President Obama pardoned the infamous financier Bernard Madoff on Thursday, after Madoff's memoir netted him enough money to compensate the investors in Madoff Securities for all the losses they suffered when Madoff admitted his company was one big Ponzi scheme. Madoff's lawyer announced yesterday that Warner Bros. agreed to pay $60 billion for the film rights to his memoir titled "One up on SEC" - enough to pay back both the principal and the interest that was owed to the depositors, and to still continue running his investment company. Mr. Madoff will now advise Mr. Obama on how to cope with growing Social Security deficits.
Investor buys copper for $10,000 an ounce.
Commodity investor Fungus Winklebottom purchased 20,000 ounces of yellow metal today for $10,000 an ounce after mistakenly placing an order for copper instead of gold. While slightly disappointed, the investor said he still intended to hold the copper to let it grow into its valuation. "It wasn't a very good deal, but it was an OK deal" - Mr. Winklebottom said. -As long as I can put my dollars into something tangible, I feel I'm still receiving full value for my money". Mr. Winglebottom said he was now looking to add arsenic, lead, and mercury to his commodity stockpile.

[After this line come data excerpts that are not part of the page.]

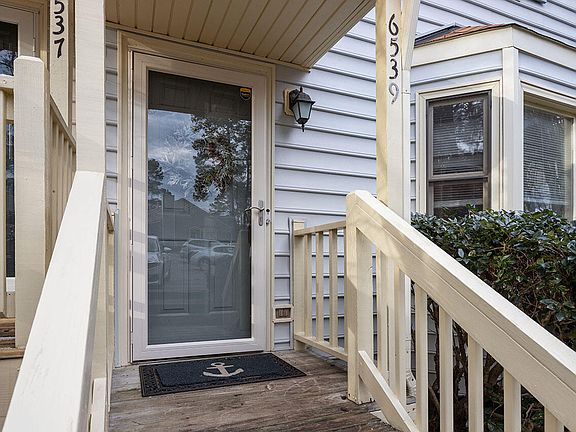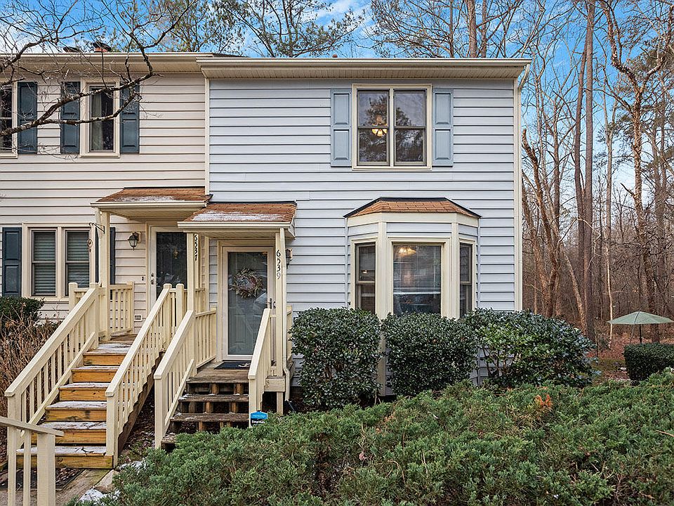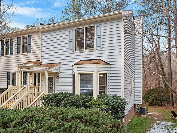 Private End Unit Townhome in Prime North Raleigh Location! Nestled minutes from I-540, I-440, and Greenway access, this updated end-unit offers the perfect blend of convenience and tranquility. Featuring real hardwood floors downstairs, fresh interior paint, and new carpet upstairs, this home is move-in ready. The layout boasts two spacious primary suites, an eat-in kitchen, and a cozy living area with a new gas fireplace. Step outside through the new sliding glass door to a private deck with serene wooded views. Enjoy community amenities like a pool, tennis courts, and basketball courts. Don't miss this gem—schedule your showing today!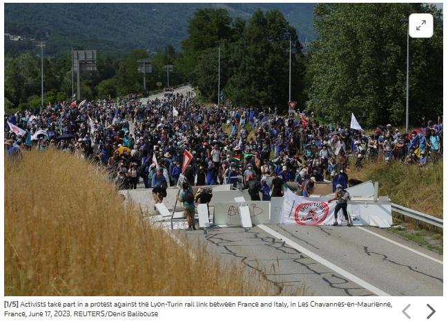 據(jù)報道,當天,大約2000名抗議者聚集在阿爾卑斯山地區(qū)的莫里耶訥河谷,反對當局在當?shù)匦藿ǜ哞F。據(jù)介紹,這條高鐵計劃連接法國里昂和意大利,線路途經(jīng)阿爾卑斯山地區(qū)。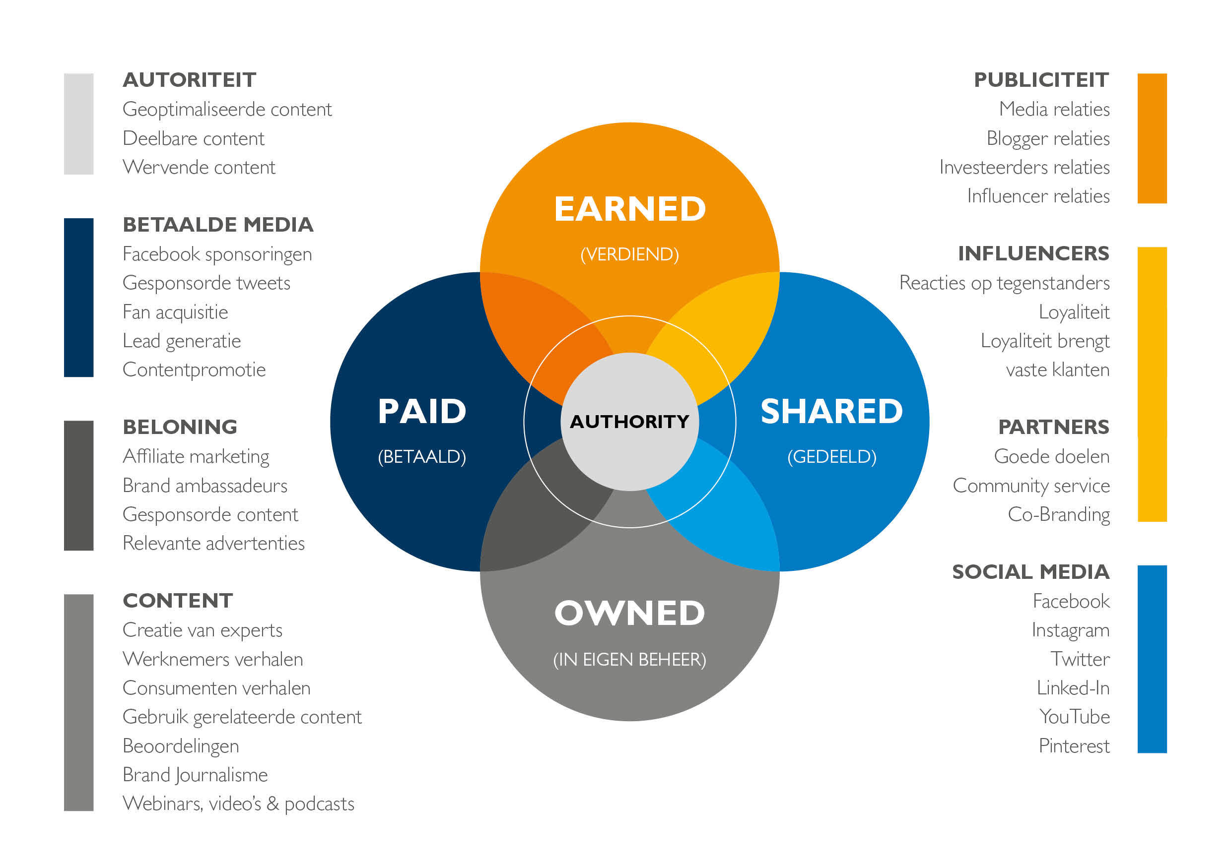 PESO staat voor ‘Paid’, ‘Earned’, ‘Shared’ en ‘Owned’ media. Het PESO-model geeft meer inzicht in de marketingmix. Hoewel veel bedrijven zich slechts focussen op één of twee segmenten, bestaat de ideale mix uit een combinatie van deze vier elementen. Het meest voorkomende segment bij dit model is Paid media. Met het PESO-model diep jij je in de content die voor de doelgroep relevant en waardevol is en je speelt in op de informatiebehoefte tijdens bijvoorbeeld het aankoopproces.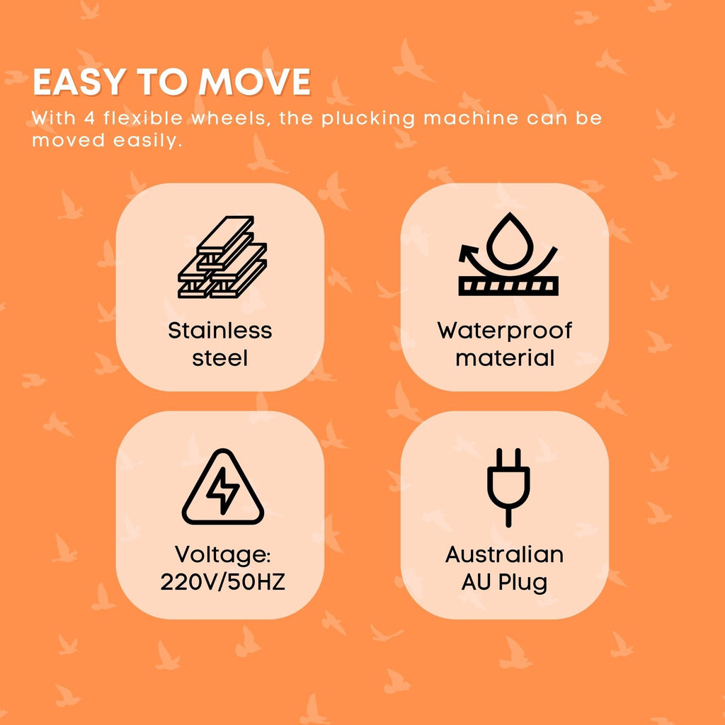 This compact 300mm stainless steel tub, this chicken plucker machine makes de-feathering chickens easy and efficient.
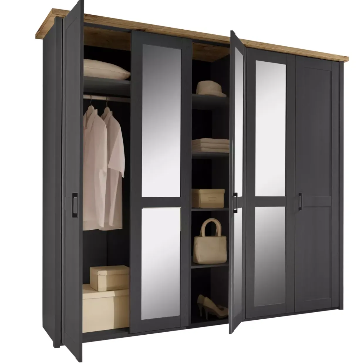 Besonders praktisch sind die zwei großen und vier kleinen Einlegeböden, die eine flexible Organisation Ihrer Garderobe ermöglichen. Die Drehtüren sorgen für eine leichte Handhabung und bieten gleichzeitig eine optimale Raumaufteilung. Ein zusätzlicher Hingucker ist der Kranz in Artisan Eiche Nachbildung, der dem Schrank eine besondere Note verleiht.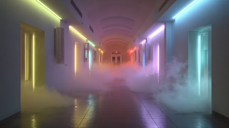 A hallway features glowing pink and blue neon lights along the walls, with smoke creating a mystic atmosphere. This modern design invites curiosity and exploration.

Moody's leaves Zimbabwe's AAA rating unchanged
Moody's today announced its decision to keep Zimbabwe's sovereign rating unchanged, citing the government's quantitative easing policies. "We like the fact that they are not dogmatic when it comes to monetary policy" - the ratings agency said in a statement this morning. -"Its heavy reliance on quantitative easing gives us reason to believe that the probability of default on its sovereign debt is extremely low." The ratings agency's decision was welcome news to S. S. Mumbengegwi, Zimbabwe's Foreign Minister, who was visiting China to reassure the Chinese government that Zimbabwe is a good investment. "I certainly do think that the Chinese government and central bank are making a smart decision by continuing to invest in Zimbabwe Treasury bonds," Mumbengegwi said in the interview, shortly before departing for Harare. To boost the economy, Zimbabwe has to incur more debt, he said. "It would not be in China's interest if we were unable to get our economy moving," Mumbengegwi said. "So by continuing to support Zimbabwe Treasury instruments, the Chinese are recognizing our interconnection. Our economies are so intertwined, the Chinese know that to start exporting again to Zimbabwe, Zimbabwe has to take some very drastic measures with this stimulus package, which means we have to incur more debt." Zimbabwean investors reacted positively to the announcement, sending the market up another 20%. Zimbabwean stocks have been on a tear lately, rising 3000% from their March lows.